The W11 has a system which Mercedes had developed called Dual-Axis Steering (DAS) which allowed the driver to adjust the toe of the front wheels to optimise mechanical grip by pulling or pushing on the steering wheel. DAS allowed the drivers to warm the car's tyres more efficiently by having a zero toe but allows for better cornering ability by using a negative toe, a feature which was of particular significance on circuits with long straights. DAS was removed from the car after the 2020 championship as the system was banned for 2021. The design of the rear suspension was changed from that used in the previous car with the goal of reducing understeer.

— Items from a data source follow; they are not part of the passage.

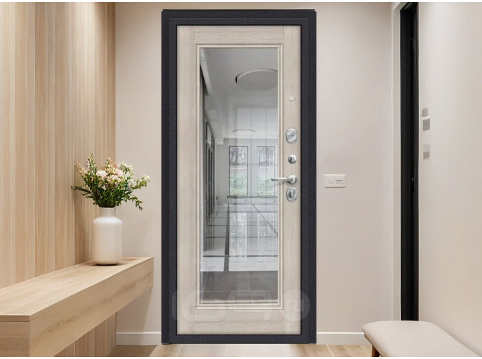 Дверь входная Porta S-3P 51/П61 Almon 28/Cappuccino Veralinga/Reflex, с зеркалом, 2 замка, с ночной задвижкой
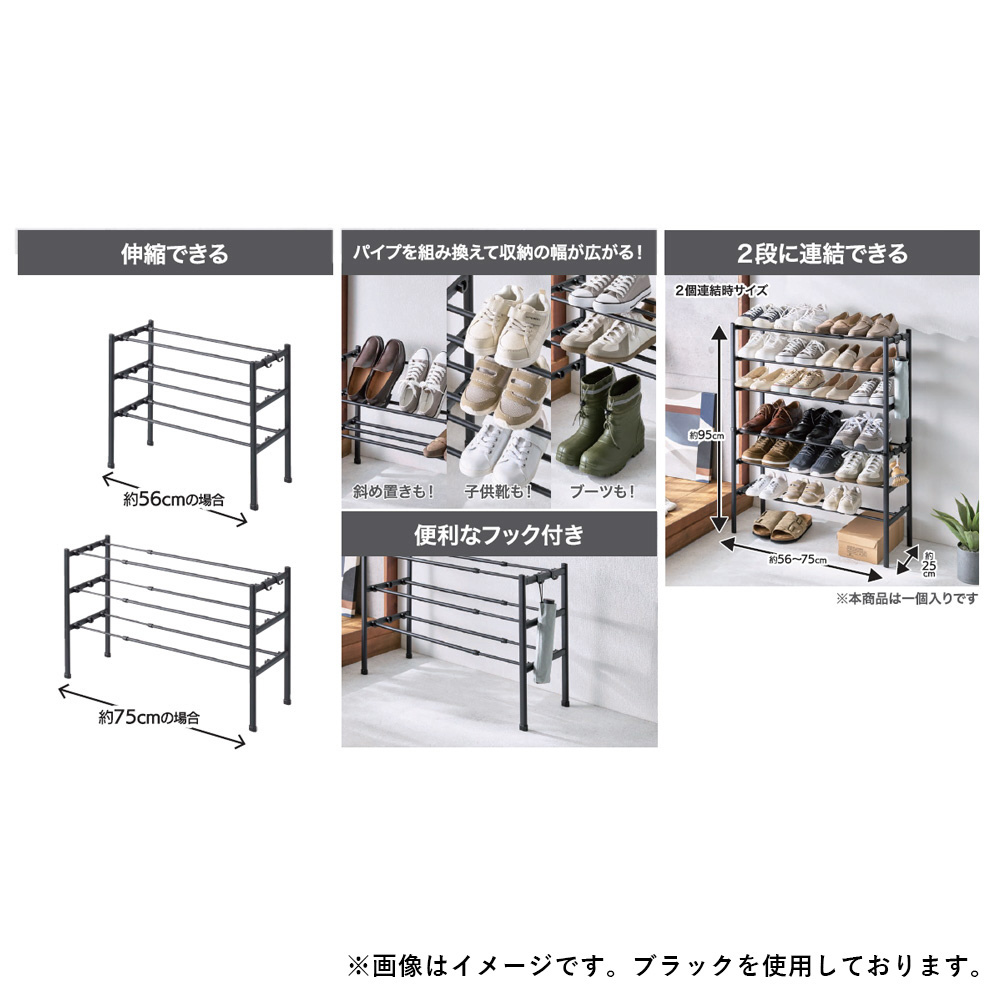 シューズラック 伸縮 3段 連結 靴 収納 玄関 Quick Lock
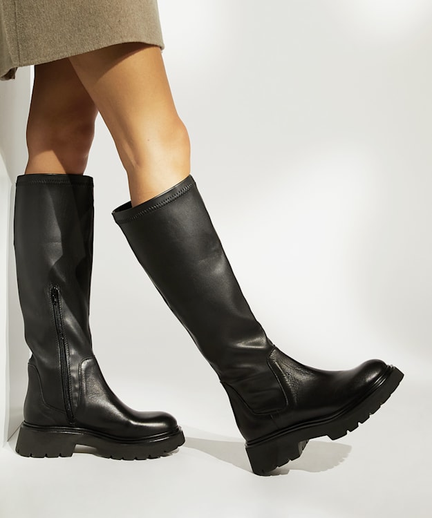 Tilt Black Elasticated Leather Knee High Boots Dune London
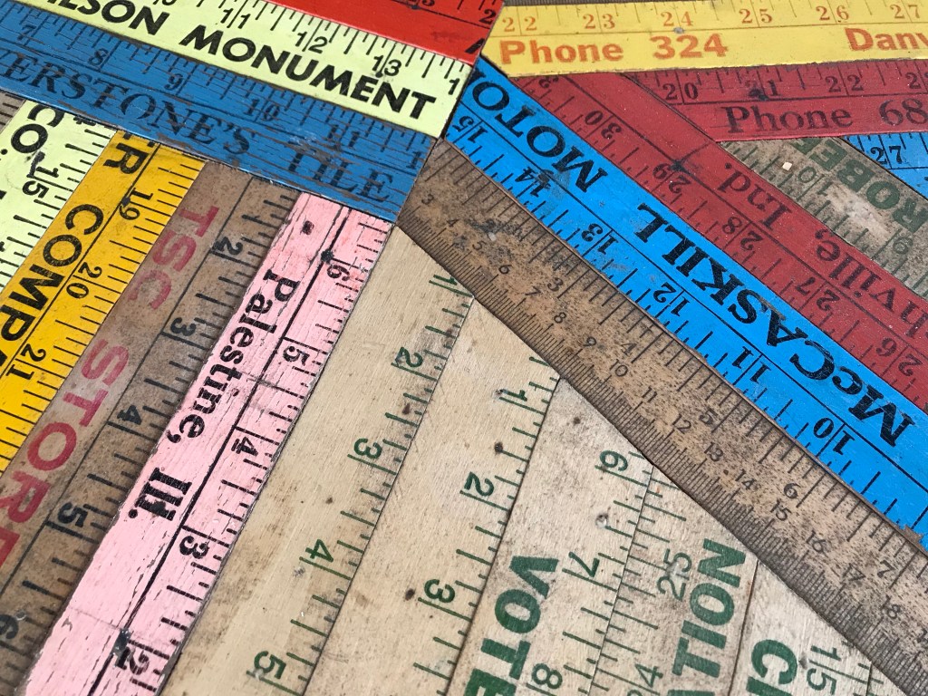 This is a creative use of vintage yard sticks, it is a table top. I love how they combined the colors and directions to build texture and interest. Sometimes it isn’t how you use what you’ve got it’s how to change things in how you use what you’ve got. Anyone could have patterned the rulers along straight lines, this craftsperson mixed it up and delighted us all.
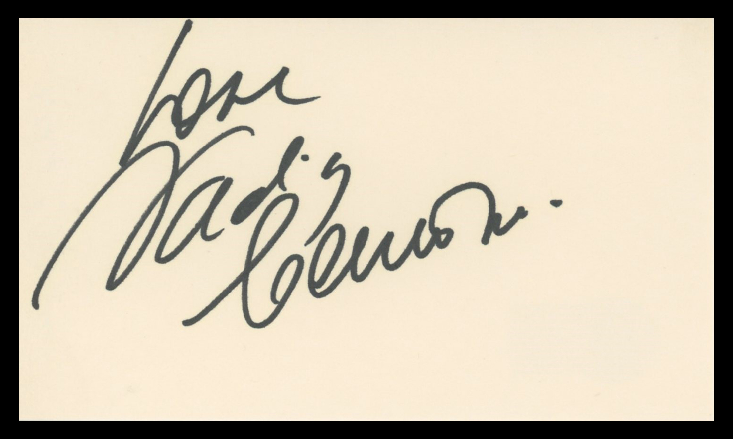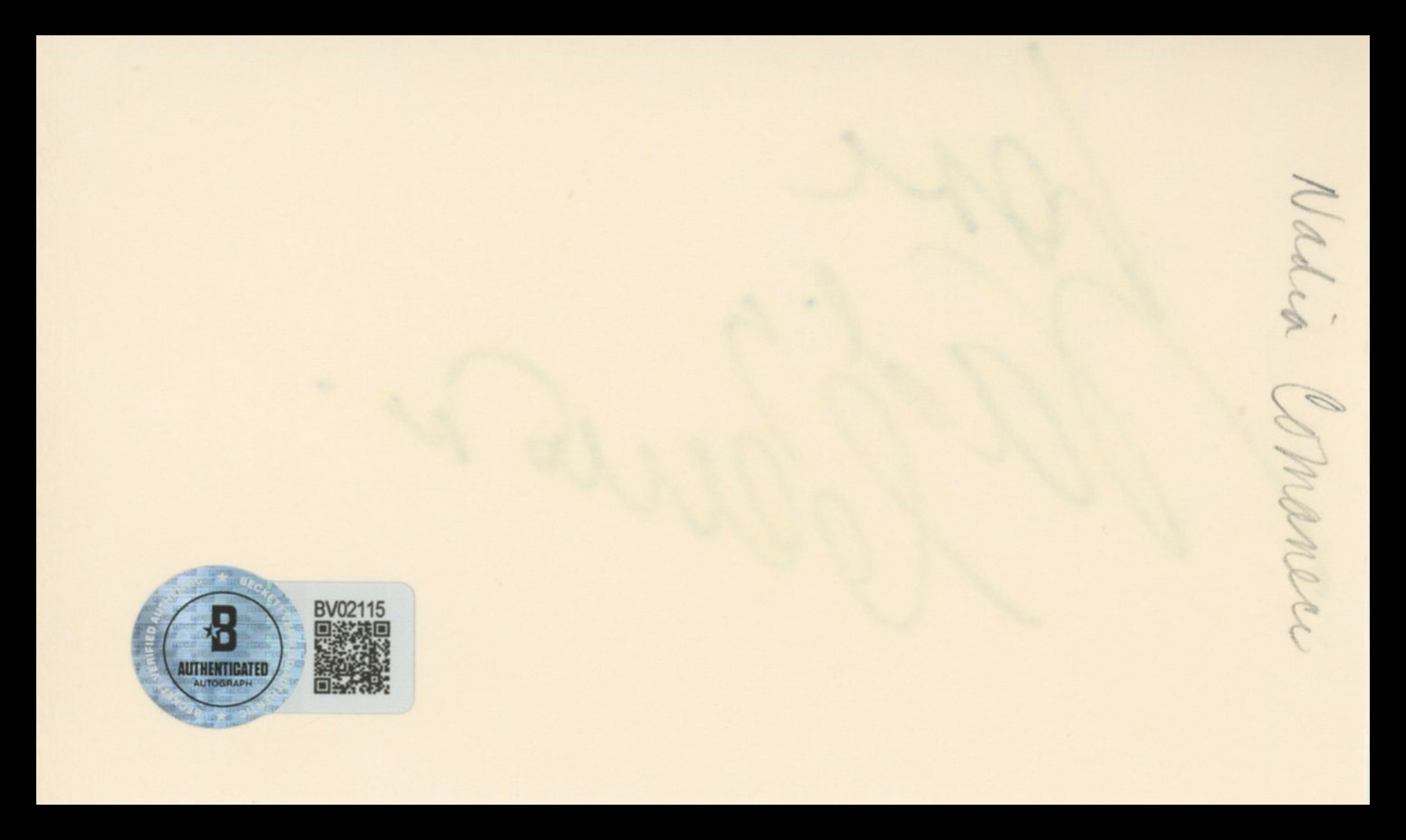 This Autographed 3x5 Index Card with the inscription of "Love" has been Personally Signed by Nadia Comaneci of Nadia. This item is 100% Authentic to include a hologram by Beckett Authentication Services. This item will come with an affixed Beckett Authentication Services (BAS) authentication sticker, which includes a scannable QR code to verify authenticity. Please note that Beckett no longer provides serial-numbered COA cards, and the attached BAS sticker will serve as the complete authentication for this item. The authenticity can be verified on Beckett Authentication Services website.
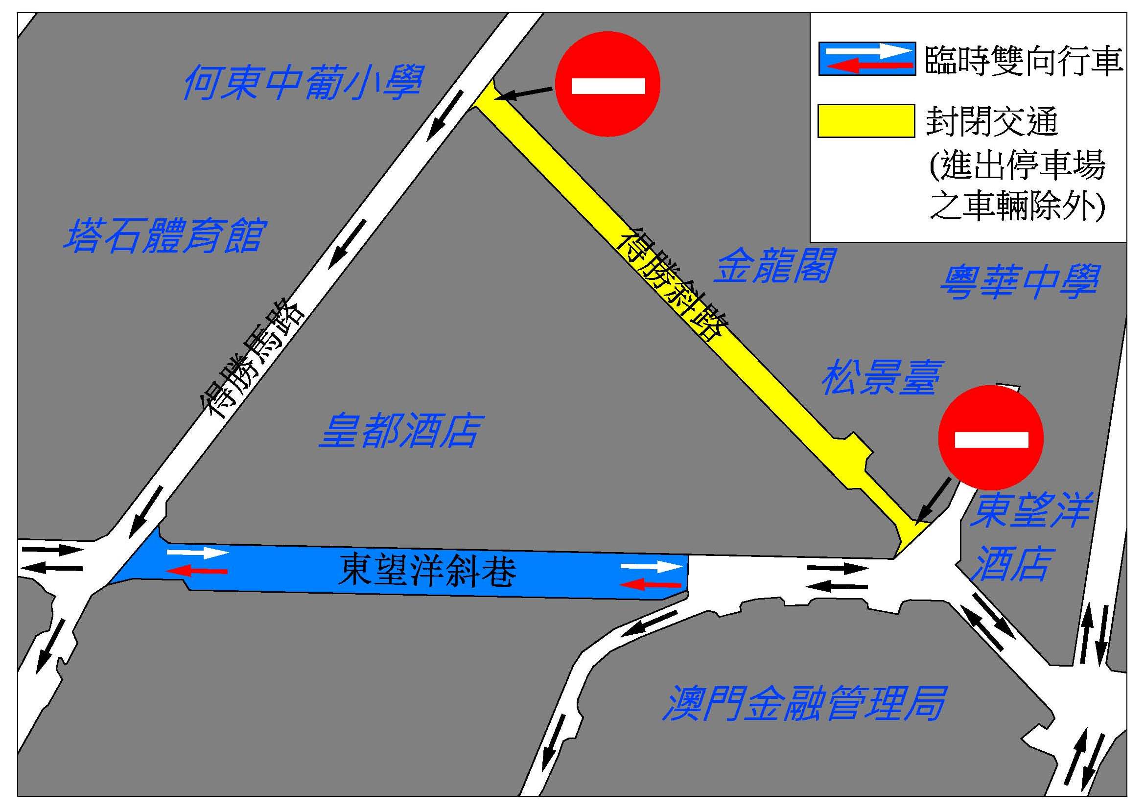 因新建大廈接駁街渠,介乎東望洋斜巷與得勝馬路之間的一段得勝斜路,周四(20日)上午11時實施封閉交通,除進出停車場之車輛外,禁止車輛駛入。期間,介乎得勝斜路至得勝馬路之間的一段東望洋斜巷臨時改作雙向行車,“得勝斜巷”巴士站亦會暫停使用,臨時巴士站將設於東望洋斜巷近澳門金融管理局,方便乘坐6A、28C及H1路線的乘客上落。配合施工安排,現場的咪錶泊車位及電單車泊車位將暫停使用,工期約10日。

Following the postponement of the season and the growing worldwide support for the Black Lives Matter movement, it was announced in late June the W11 would feature black as the primary colour instead of the traditional silver that was present on its predecessors. Driver Lewis Hamilton prompted the livery change, saying he wanted the team to show its support for the cause through more than just social media posts, which led to the idea to adopt a new livery and launch a drive to improve diversity within the team.

==Season summary==

=== Opening rounds ===
At the season-opening Austrian Grand Prix, Bottas qualified on pole position. Hamilton initially qualified in second place but prior to the race, he received a three-place grid penalty for failing to slow down sufficiently for yellow flags at the end of qualifying, dropping him to fifth. Despite both drivers having to deal with gearbox issues which developed during the race, Bottas went on the win the race, the eighth of his career. Hamilton quickly recovered to second place but in the closing laps of the race received a five-second time penalty for causing a collision with Alexander Albon. Hamilton crossed the finish line in second but the penalty demoted him to fourth place. Hamilton took pole position at the rain-affected qualifying session for the , over 1.2 seconds clear of nearest rival Max Verstappen. Hamilton led most of the race and took the W11's second consecutive victory, whilst Bottas overtook Verstappen in the closing laps to finish second, having started fourth on the grid.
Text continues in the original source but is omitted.